This exercise calls for the data below to be retyped exactly, minus any images.

Top of Source material

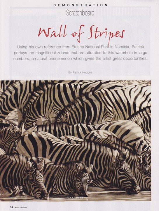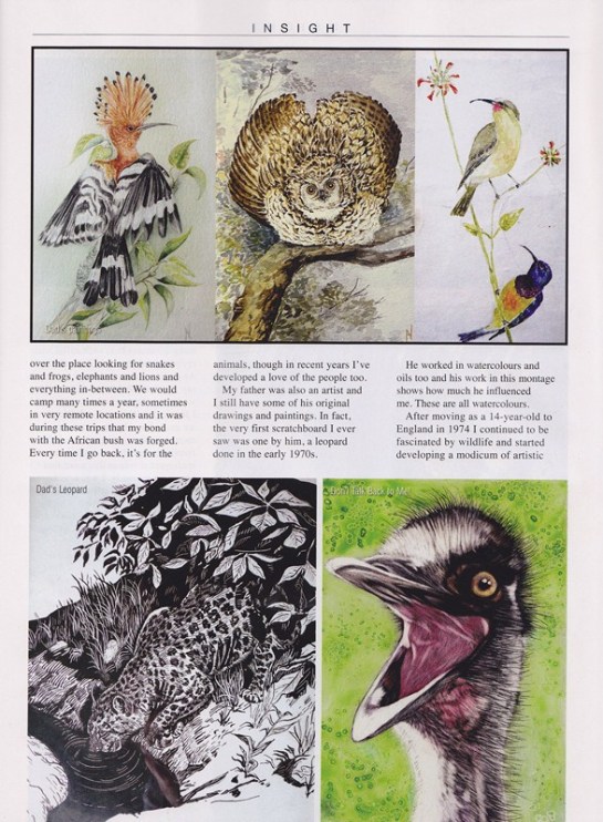Artists’ Palette magazine is an excellent source of inspiration so it’s a great honour to be included in the edition currently in the shops, issue #105. I have sixteen artworks published plus a demonstration of a zebra scratchboard. Also, there are four artworks by my dad in there. He was a huge inspiration to me and, despite losing him when I was thirteen, he showed me the way in life. His art was gorgeous and always represented those African animals that he loved so much. Below are a couple of pages from the magazine article including the page with the four pieces my dad did.
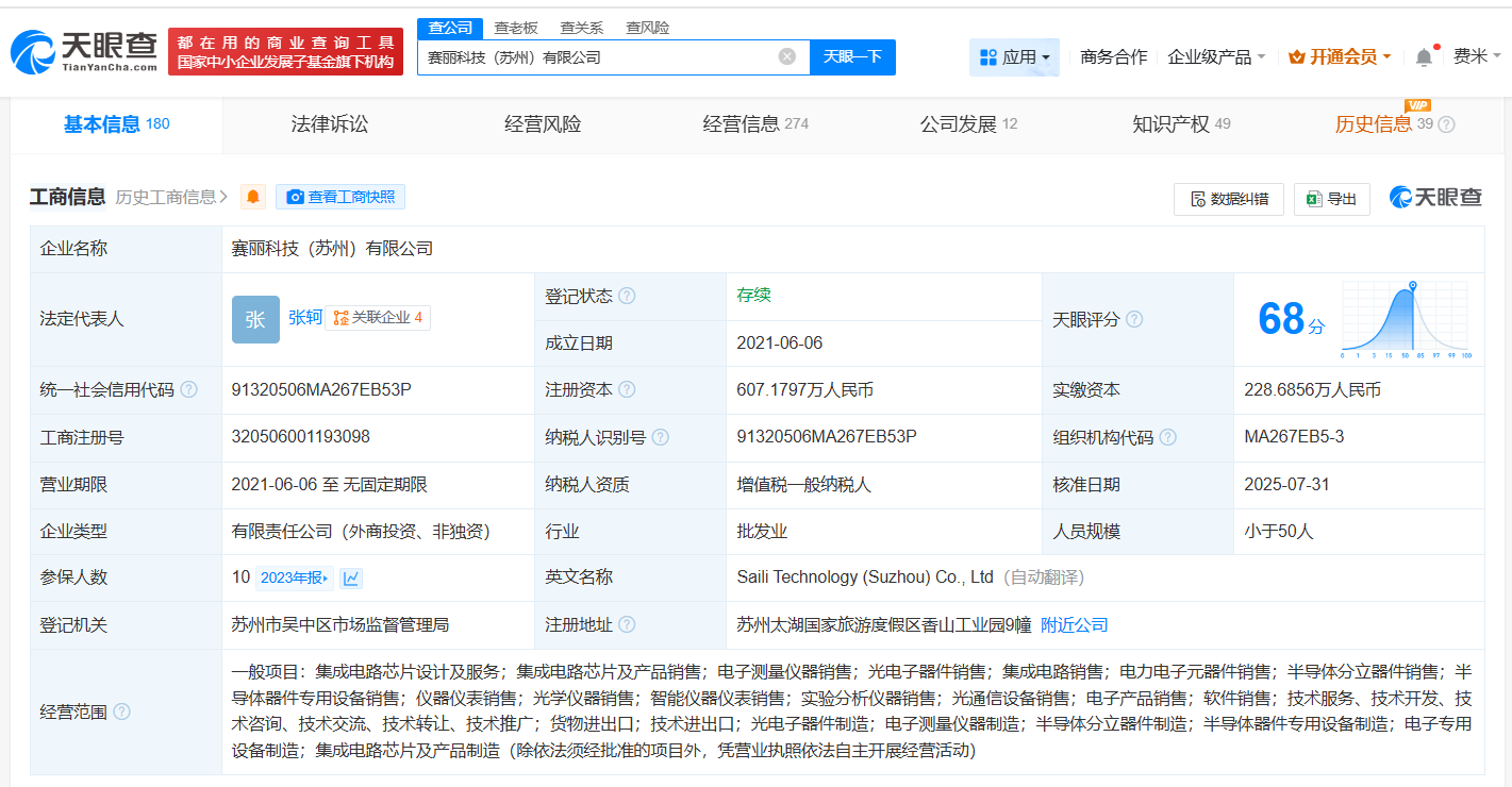 南方财经8月4日电,天眼查App显示,近日,赛丽科技(苏州)有限公司发生工商变更,原股东苏州吴中甪直端金苗科创投资合伙企业(有限合伙)、苏州市东吴领军科创投资合伙企业(有限合伙)、青岛掌鸣元晰股权投资合伙企业(有限合伙)退出,新增广西腾讯创业投资有限公司、北京平安富通投资有限责任公司、苏州锦秀太湖文锦一期股权投资合伙企业(有限合伙)为股东。该公司成立于2021年6月,法定代表人为张轲,注册资本约607万人民币,经营范围包括集成电路芯片设计及服务、集成电路芯片及产品销售、电子测量仪器销售等。股东信息显示,该公司现由张轲、上海赛瑞思企业管理合伙企业(有限合伙)及上述新增股东等共同持股。官网显示,该公司是无晶圆芯片设计公司。
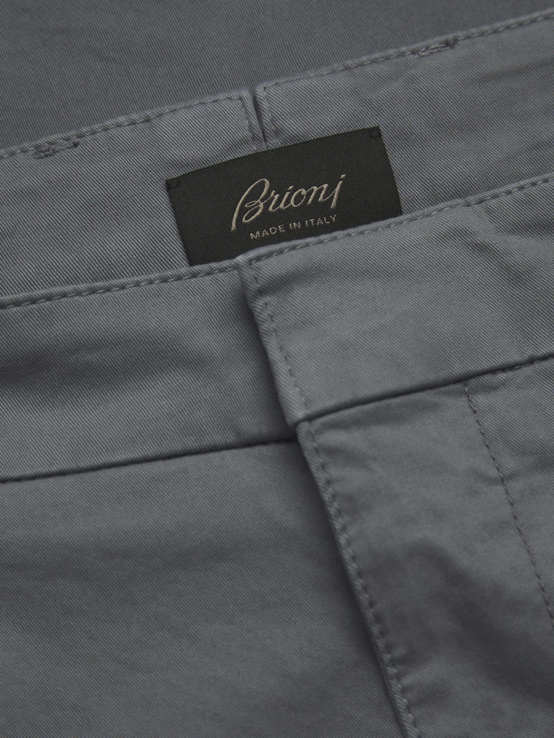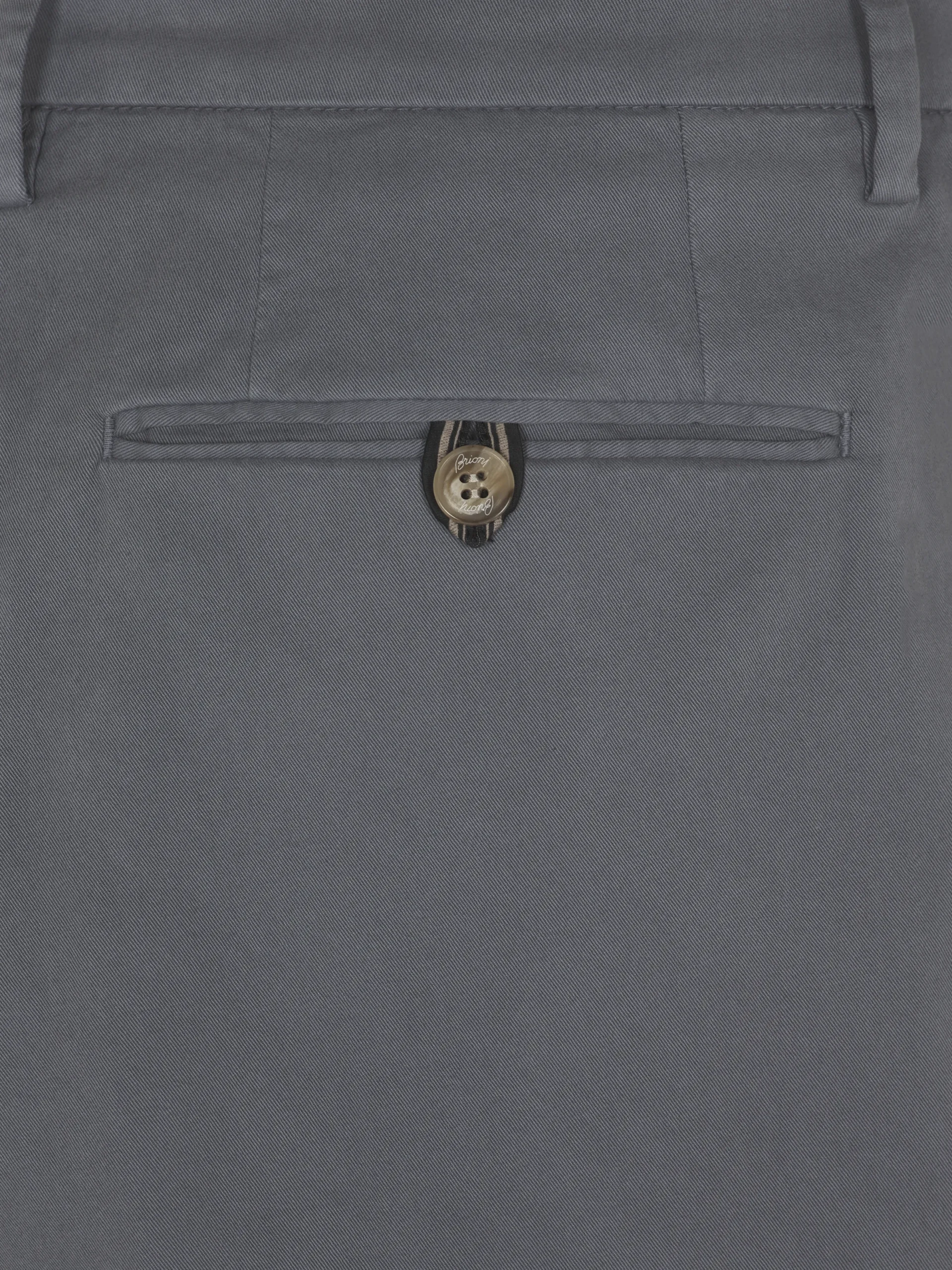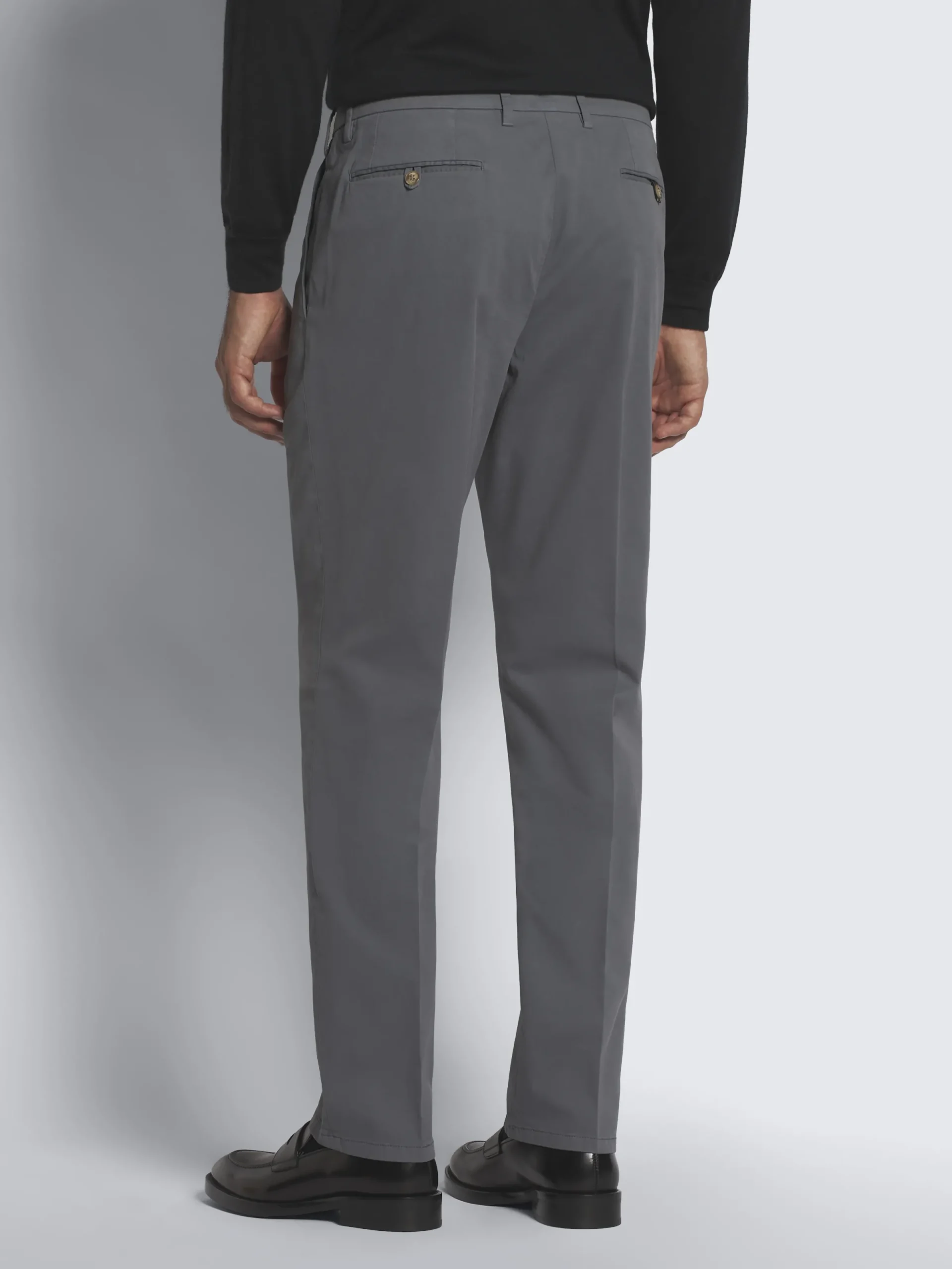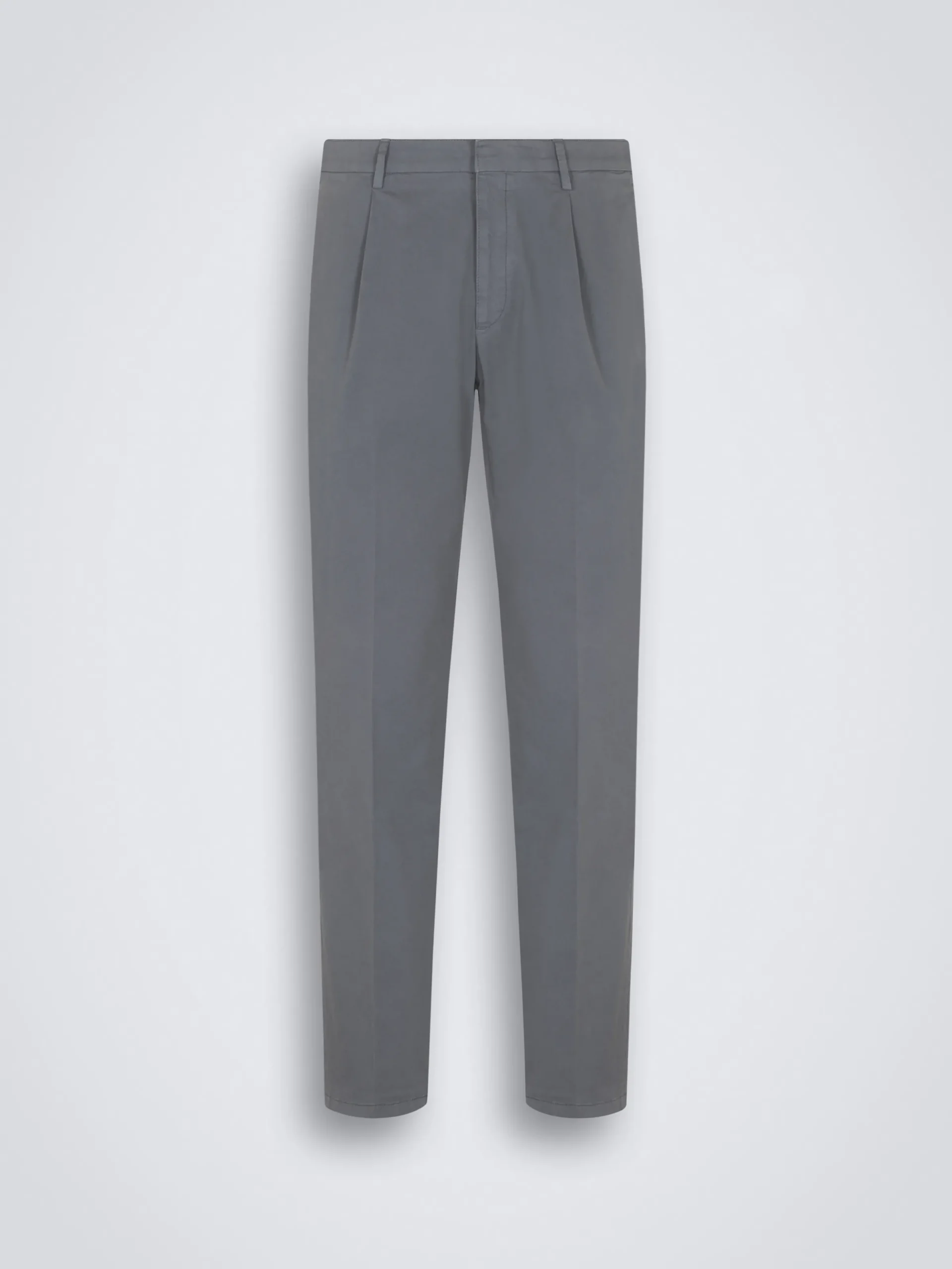 Grey stretch organic cotton Pienza trousers. Featuring a zip fly closure, single open pleats, two side slant pockets, two back pockets with button closure and regimental loop detail and belt loops. Ultra-versatile, these trousers are perfect paired with sneakers, suede loafers or even a derby for an effortlessly refined aesthetic. This garment contains GOTS certified cotton. The Global Organic Textile Standard (GOTS) is a voluntary standard obtained by verification through independent third-parties. Practices include requirements on environmental management and wastewater; protection of health, safety and rights of employees; avoidance of hazardous substances.
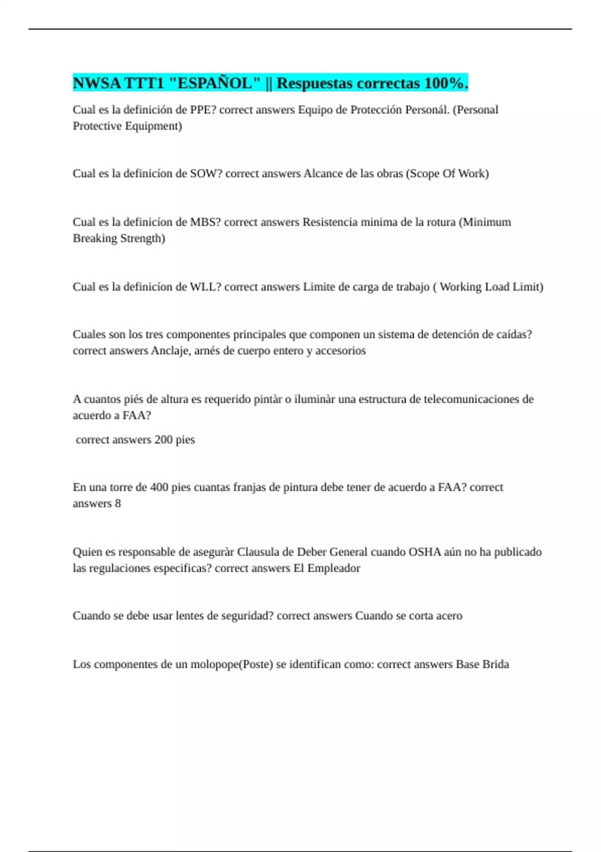 correct answers Anclaje, arnés de cuerpo entero y accesorios

Bottom of Source material

* **Response**:
Artists’ Palette magazine is an excellent source of inspiration so it’s a great honour to be included in the edition currently in the shops, issue #105. I have sixteen artworks published plus a demonstration of a zebra scratchboard. Also, there are four artworks by my dad in there. He was a huge inspiration to me and, despite losing him when I was thirteen, he showed me the way in life. His art was gorgeous and always represented those African animals that he loved so much. Below are a couple of pages from the magazine article including the page with the four pieces my dad did.
 南方财经8月4日电,天眼查App显示,近日,赛丽科技(苏州)有限公司发生工商变更,原股东苏州吴中甪直端金苗科创投资合伙企业(有限合伙)、苏州市东吴领军科创投资合伙企业(有限合伙)、青岛掌鸣元晰股权投资合伙企业(有限合伙)退出,新增广西腾讯创业投资有限公司、北京平安富通投资有限责任公司、苏州锦秀太湖文锦一期股权投资合伙企业(有限合伙)为股东。该公司成立于2021年6月,法定代表人为张轲,注册资本约607万人民币,经营范围包括集成电路芯片设计及服务、集成电路芯片及产品销售、电子测量仪器销售等。股东信息显示,该公司现由张轲、上海赛瑞思企业管理合伙企业(有限合伙)及上述新增股东等共同持股。官网显示,该公司是无晶圆芯片设计公司。
 Grey stretch organic cotton Pienza trousers. Featuring a zip fly closure, single open pleats, two side slant pockets, two back pockets with button closure and regimental loop detail and belt loops. Ultra-versatile, these trousers are perfect paired with sneakers, suede loafers or even a derby for an effortlessly refined aesthetic. This garment contains GOTS certified cotton. The Global Organic Textile Standard (GOTS) is a voluntary standard obtained by verification through independent third-parties. Practices include requirements on environmental management and wastewater; protection of health, safety and rights of employees; avoidance of hazardous substances.
 correct answers Anclaje, arnés de cuerpo entero y accesorios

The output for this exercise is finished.